Some book-length jobs arrive in a single file. Others have a file for each chapter, plus frontmatter, backmatter, author’s bio, and maybe captions and other stuff. Multiple files can be attached to a single email, so the client zips them into a single compressed file and sends it that way.

When I receive it, I save the file in the appropriate folder and unzip it. Voilà, all the individual files are there in their own folder, waiting to be opened and worked on.

Z also stands for zed, which is in fact how the last letter of the alphabet is pronounced in lots of places. And here are, on the last day of April, at the end of the alphabet.

Wow. I did it!

A couple of days ago I panicked. In the A–Z Challenge you were supposed to get Sundays off, but  Saturday was “Y Is for You” so Z was going to have to come on either Sunday or the first of May. Had I missed a day, or a letter? I grabbed my chairside calendar and counted. Three times I counted, and every time Z fell on Sunday, April 30.

Whew.

The lesson for me here is that I can come up with stuff to say almost every day of the month. I don’t have time and I have nothing to say and I’m too tired and I’m not inspired today and That’s too obvious and I said that already are just excuses. Start writing and the words will come.

I knew that already, right? So do you. That’s what this blog is about. But it’s something we have to keep learning and relearning. The alphabet may come to an end, but the writing doesn’t.

Write on!

X Is for X-Acto Knife

I was going to feature an image of my two X-Acto knives, a #1 and a #2, in their plastic case, but case and knives have vanished from the drawer where I keep miscellaneous office supplies. Could they be hiding somewhere else in this not-very-large studio apartment? Could I have lent or given them to someone? No idea.

Here’s what a #2 X-Acto looks like.

What I wanted to blog about was how we produced documents in the days before the digital age made it all a helluva lot easier. My X-Actos may have vanished, but I still have a few relics from back then, so here goes.

In my antiwar movement and student government days, late 1960s and early ’70s, photocopiers were generally inaccessible to us scruffy activist types, so to make multiple copies of anything we had to prepare a stencil and run it on (usually) a mimeograph or (sometimes) a Gestetner machine. What I recall most vividly about the Gestetner is its penchant for unexpectedly spewing ink in all directions.

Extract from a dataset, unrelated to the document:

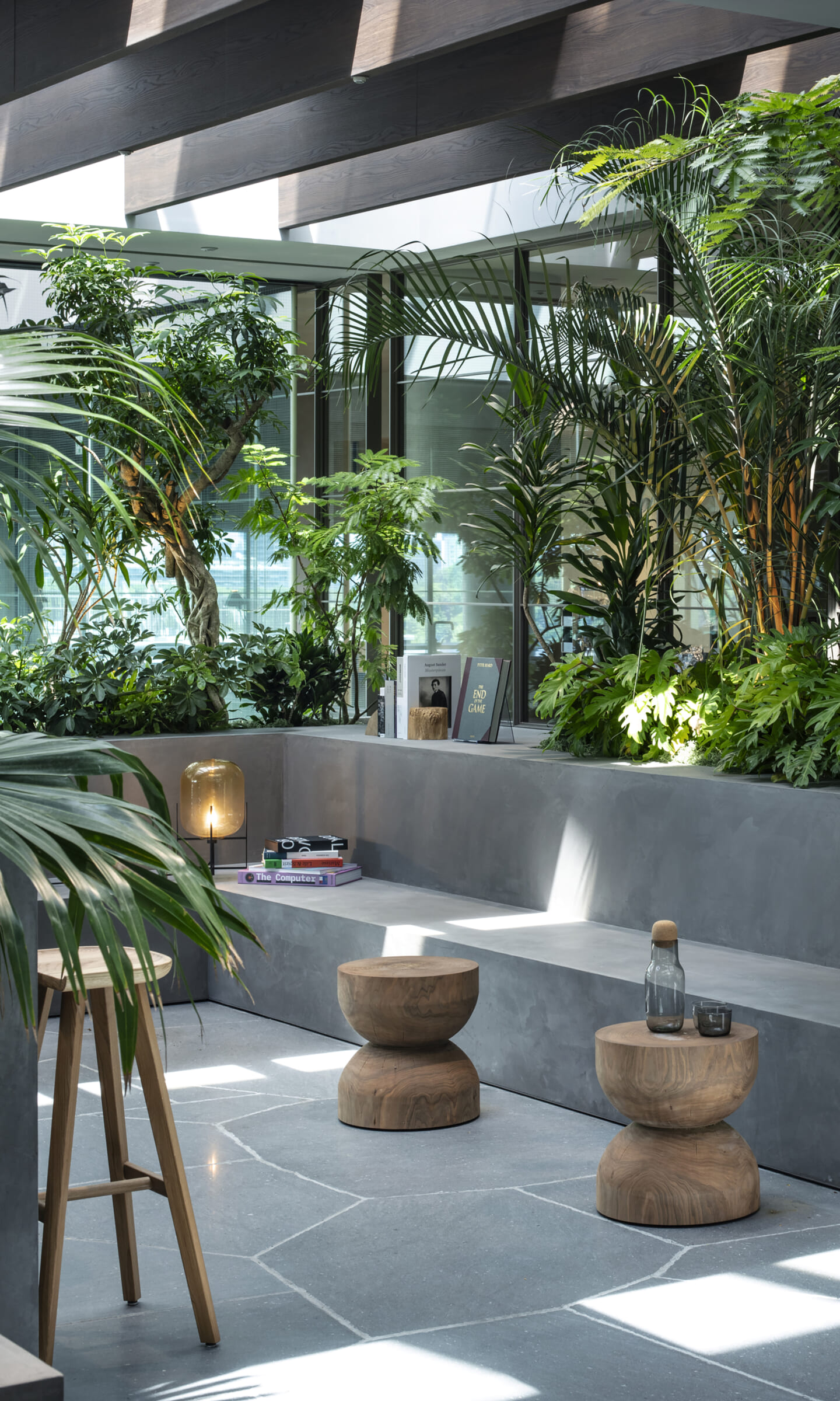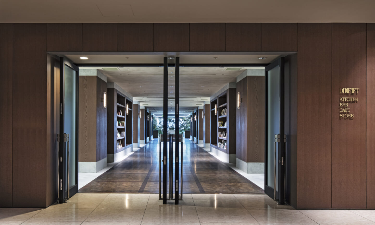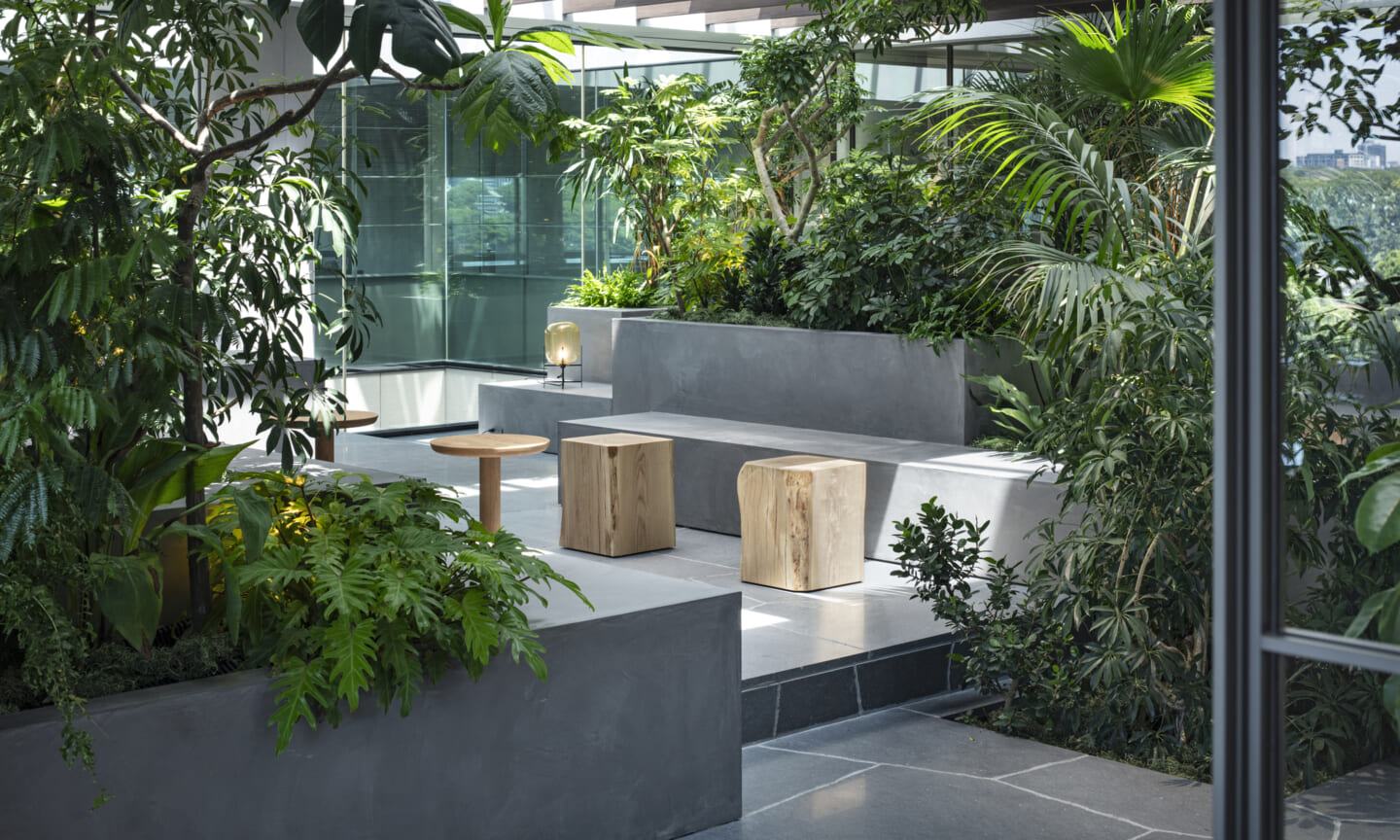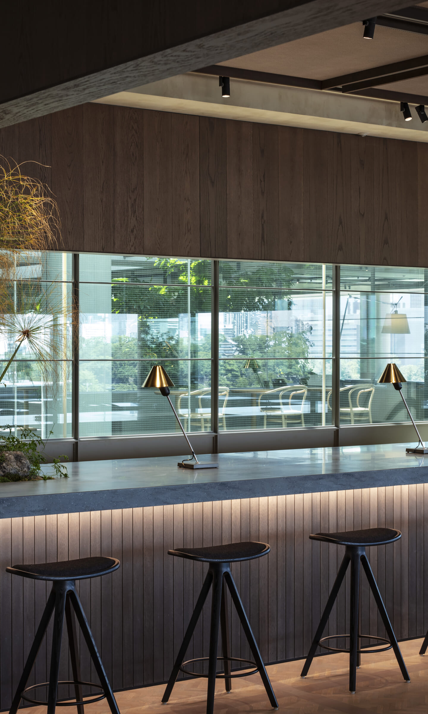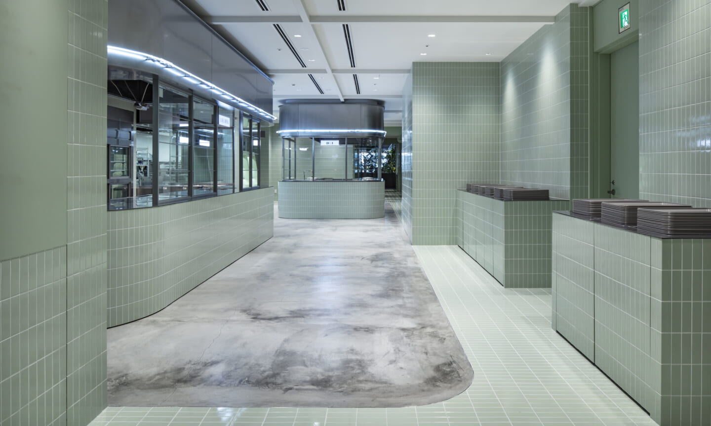 1938年に竣工した第一生命保険本館は、近代建築における金字塔的な建築で、その後の長い歴史の中で改修を重ねつつも今尚その風格が受け継がれている稀有なオフィスビルである。また建築だけでなく内部空間の仕上げやディテールからもデザインへのリテラシーの高さが窺える空間であった。吹き抜けの立体的な構成、吹出口の機能を兼ねた天井グリット、寄木細工の床、窓から望むお堀端の素晴らしい景色。現地を訪問した際に印象的だった“既存の価値”を受け継ぎ、最大限に活かす形で “働く場”と”休息の場”が同居する空間にしたいと考えた。食堂として使われていた単調なワンフロア空間を、食事をしたり、仕事をしたり、会話を楽しんだりと、思いおもいに過ごせる公園のような場にする為フロア全体をひとつの街と捉え計画を始めた。大きな構成として「コンビニ、キッチン、食堂」の3つのエリアに分け、EVホールから各エリアを繋ぐ主動線を、ライブラリーとして設計。共用部の意匠を踏襲したオーセンティックな木質空間と、ライブラリーの両サイドに配したキッチンやコンビニのライトグリーンのタイル仕上げで、既存の重厚感と新たな空間との明確なコントラストを作り視認性を高めた。また、ボタニカルガーデンと名付けた植物と自然光が心地よいアトリウム空間は、既存のトップライトと吹き抜けの部分をガラス+フレームで囲い温室のように設え “働く場”から”休息の場”へとマインドセットするための食堂全体のエントランスとして機能するように配置。食堂エリアは、パークオフィス、カフェテラス、バー、グラウンドテラスなどテーマと個性を与えてゾーニングし、敢えて明確な道は設けずに公園に面したオープンテラス席、公園のベンチ、といったように街にある様々なシュチュエーションが混ざり合う多様な空間性を地形のような床の起伏や家具や照明によって構成していった。320坪の大空間は、エリア毎に設けた垂れ壁の操作や既存床の塗り分けでリズミカルに文節しながらも緩やかな繋がりをつくり公園のようなおおらかさと様々な使われ方を許容する場となった。既存の価値を受け継ぎ新たなデザインに変換し“次にバトンを繋げること”が歴史ある建築の改修の手法として、また求められたウェルビーイング(持続的な幸福)な場の在り方としても相応しいと考えた。

Typos were a bear to correct on a mimeograph stencil, so accuracy at the keyboard was a plus. I didn’t learn how to type till several years later, after I learned that female liberal arts graduates were pretty much unemployable without clerical skills. Nevertheless, in college I did make some money typing papers for my fellow students, who realized that though I might type with my two forefingers, I would also correct their grammatical and spelling errors as I went. I didn’t know what an editor was at that point, but clearly I was on the way to becoming one.

In those days the guys did the writing and public speaking; the girls did the typing and ran the various duplicating machines. Supposedly the guys were innately adept at things mechanical, but when the mimeograph or the Gestetner jammed or otherwise screwed up, the guys were nowhere to be found so of course the girls figured out how to do it ourselves. This was a contributing factor to the rise of the women’s liberation movement and the decline of the (male) New Left. Feminism meant, among other things, that though we still ran the machines, we also got to write the stuff we printed on them.

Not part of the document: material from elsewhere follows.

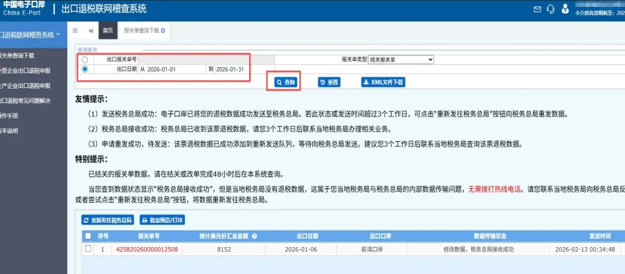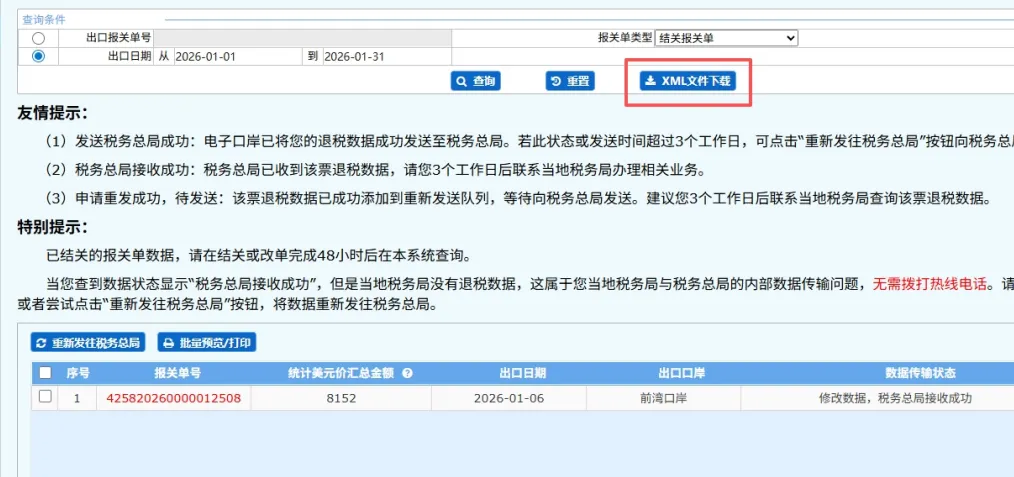 选择出口日期区间(如某月 1 日–月末),可一次性导出当月所有结关报关单退税联。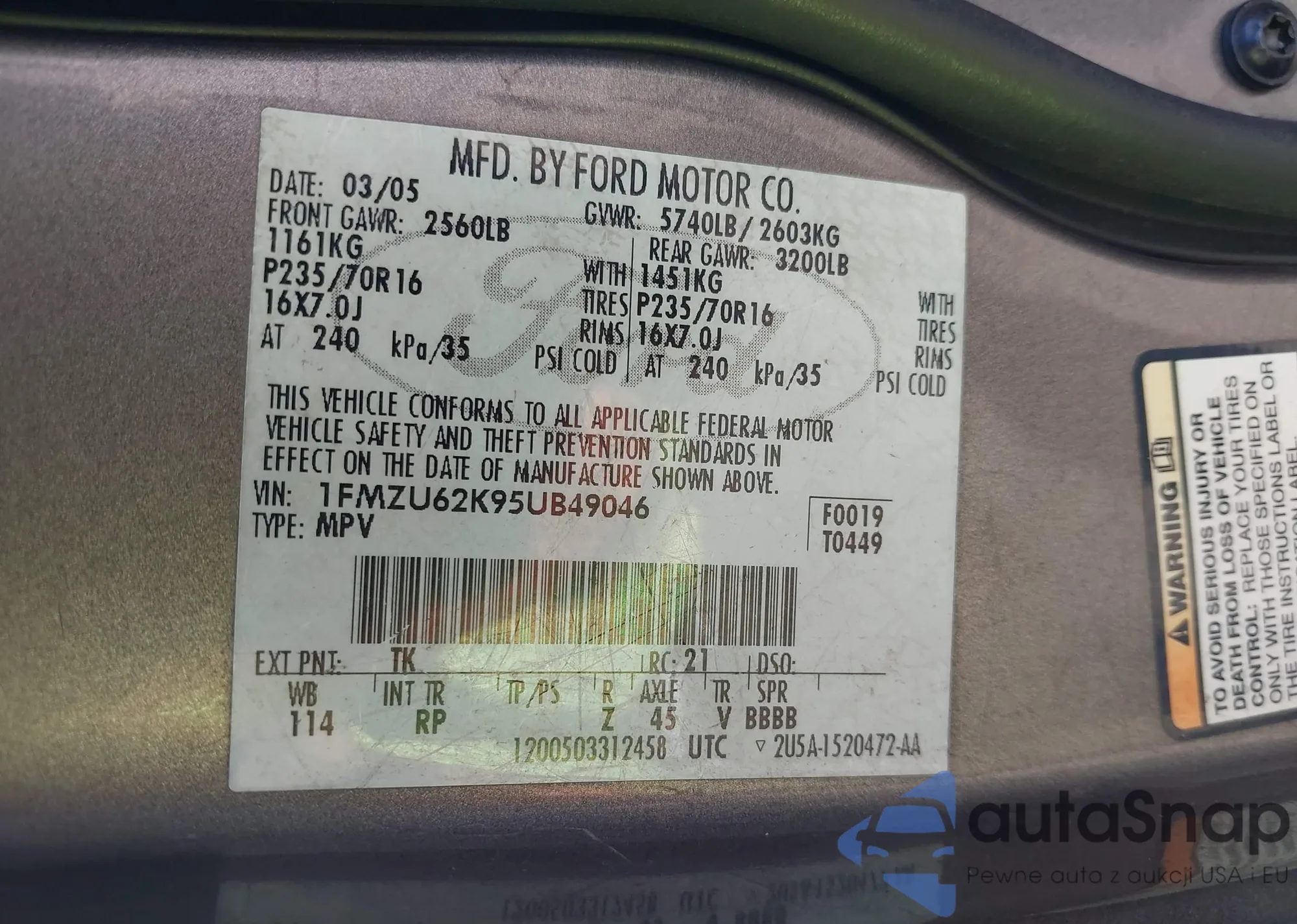 • VIN: 1FMZU62K95UB49046

Not only did we publish broadsides and pamphlets, we established print shops, like the Women’s Press Collective in Oakland and the Iowa City Women’s Press (guess where that was), whose technological capacity went way beyond mimeographs. They published magazines and books that included graphics and photographs and, eventually, four-color covers.

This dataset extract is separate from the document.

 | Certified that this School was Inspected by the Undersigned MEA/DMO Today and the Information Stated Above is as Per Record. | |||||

In the mid-1970s, now a competent typist, I got my first proofreading job, working on contract jobs for the company that published my hometown’s weekly newspaper. The production process was a complicated hybrid of technologies. I worked nights, usually alone in the office with the typesetter. Early in the evening Dave the production manager was still around. A generation older than I and my college colleagues, he was adept at fixing cranky machines.

The process went something like this, to the best of my recollection (which I confess is a little fuzzy in places). I sat at what looked like a contemporary desktop computer only clunkier, and it came with a couple of gizmos on the side that I don’t remember very well because I haven’t seen anything like them since. The typesetter’s  machine was a glorified IBM Selectric typewriter, or so I recall it, though I’m sure it had a monitor attached. It used a special ball that produced manuscript pages with what looked like a running barcode under the letters.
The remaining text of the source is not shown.